RSI STAFF CASE STUDY

Nuclear Power Reactor Licensing

The better informed they are, the more likely the public will support the right form of energy.

Mandate

RSI was tasked with providing scientific advice and content for a nuclear power reactor licensing process in an OECD country.

The nuclear safety commission in question regulates and licenses all nuclear reactors in the country, and requires a full scope of technical information for licensing processes. This commission also expects that these documents are written to be understood by members of the general public who may follow the licensing process and attend the public hearings.  This is important for the commission’s objective of ensuring that the licence application and approval process is fully transparent and accessible to the public.

Work

RSI advised on the preparation of key licensing documents for enhanced public comprehension and credibility in support of licensing hearings for two nuclear reactors.

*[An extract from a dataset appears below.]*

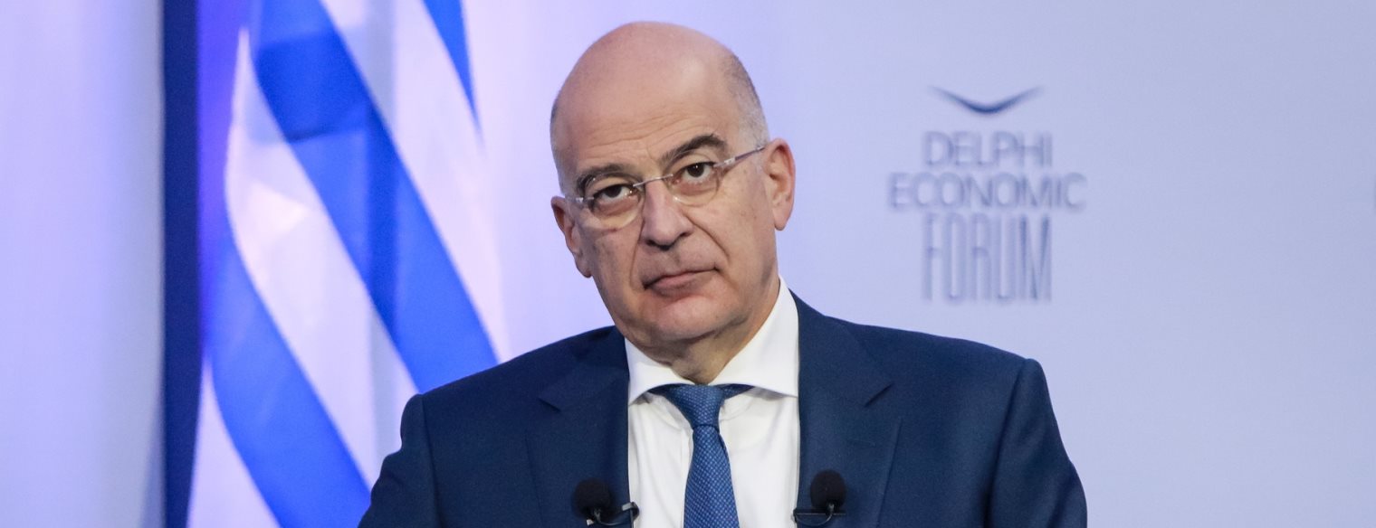 Εστιάζοντας στην Ανατολική Μεσόγειο, με έμφαση στις προκλήσεις και τα διακυβεύματα που αντιμετωπίζει, όχι μόνο για την ελληνική εξωτερική πολιτική, αλλά και για τη σταθερότητα της περιοχής, ανέφερε πως είναι ένα μέρος στο οποίο οι καταστάσεις σταθερότητας και ασφάλειας, ακόμη και καταστάσεις απειλής της ειρήνης, έχουν έναν κοινό παρονομαστή: την Τουρκία. Ειδικότερα, σημείωσε πως η Τουρκία παίζει ένα πολύ επικίνδυνο παιχνίδι στην Ανατολική Μεσόγειο, αναφερόμενος μεταξύ άλλων στην παραβίαση της κυριαρχίας και των κυριαρχικών δικαιωμάτων της Ελλάδας και της Κύπρου, στην επιδίωξη του νεο-οθωμανικού οράματος με το όνομα Γαλάζια Πατρίδα, στην εισβολή της στη Συρία, το Ιράκ, τη Λιβύη, στο Κυπριακό, στην απειλή πολέμου αν η χώρα μας ασκήσει τα δικαιώματά της που απορρέουν από το Διεθνές Δίκαιο της Θάλασσας και επεκτείνει τα χωρικά της ύδατα στο Αιγαίο, στην εργαλειοποίηση του μεταναστευτικού, στο παράνομο τουρκο-λιβυκό μνημόνιο και στη χειραγώγηση μειονοτήτων. Σε αυτό το πλαίσιο, ο υπουργός Εξωτερικών υπογράμμισε πως «αυτή η τουρκική προσπάθεια να αντικαταστήσει τη νομιμότητα με την παρανομία σε όλη την Ανατολική Μεσόγειο, αποτελεί την κύρια πρόκληση για την ελληνική εξωτερική πολιτική».

The goal was to provide comprehensible information on a complex and often contentious technology, presenting information on risks and safety provisions that is balanced and unbiased and thus credible to a public that has become concerned about risk claims and value-based opposition to the technology.

For one of the reactors, RSI evaluated communication materials in terms of risk communication best practices in the context of their licensing hearings. RSI advised on principles of communicating risk and risk management to a public that is concerned about risks from nuclear power reactors, particularly in light of claims made by critical intervenors.  The process involved workshops with the reactor’s staff on public attitudes to nuclear power and risk communication.

For the second reactor’s licensing process, RSI developed a strategy for the document to be presented to the licensing commission’s members. Working from the commission’s technical licence application document, RSI drafted the text for the commission, presenting the essential technical details required for that document by the regulator, in a form that is more comprehensible by the non-technical public, preparing additional background material to more fully explain some key technical aspects of the nuclear power process and selecting graphics that illustrated complex processes or concepts. The process involved working closely with technical and other issue experts to ensure accuracy of the text, and delivering the document organization, design and layout.

Outcomes

The value of this process was illustrated by a comment by one of the Commission members, who complimented OPG on the quality of their report, and drew specific attention to the explanatory text boxes that RSI created to describe the complex technology that is difficult for the non-expert public to understand.